▶ **Input data**
————————

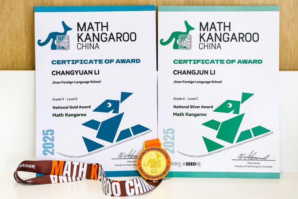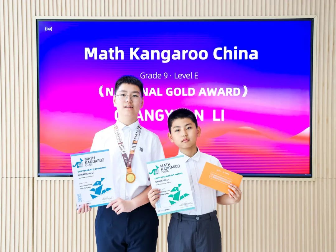 以跨级难度著称的国际袋鼠数学竞赛中,开元学子再创佳绩:四年级学生李长骏挑战 5-6 年级组(Level C),获得国家银奖;六年级学生李长源挺进 9-10 年级组(Level E),赢得国家金奖。
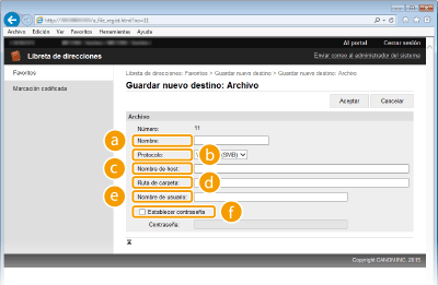 Podrá registrar o editar la libreta de direcciones del equipo utilizando el ordenador. Establezca la carpeta compartida o la dirección del servidor de FTP aquí.
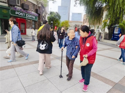 图① “老雷锋”志愿者搀扶老人,“小老”帮“老老”。图② 游客向志愿者表达谢意 图③ 志愿者在民园广场巡逻 姚 华摄

————————

▶ **Required work**
Where the data includes pictures, leave them out and write out everything else exactly.

▶ **Solution for this problem**
 以跨级难度著称的国际袋鼠数学竞赛中,开元学子再创佳绩:四年级学生李长骏挑战 5-6 年级组(Level C),获得国家银奖;六年级学生李长源挺进 9-10 年级组(Level E),赢得国家金奖。
 Podrá registrar o editar la libreta de direcciones del equipo utilizando el ordenador. Establezca la carpeta compartida o la dirección del servidor de FTP aquí.
 图① “老雷锋”志愿者搀扶老人,“小老”帮“老老”。图② 游客向志愿者表达谢意 图③ 志愿者在民园广场巡逻 姚 华摄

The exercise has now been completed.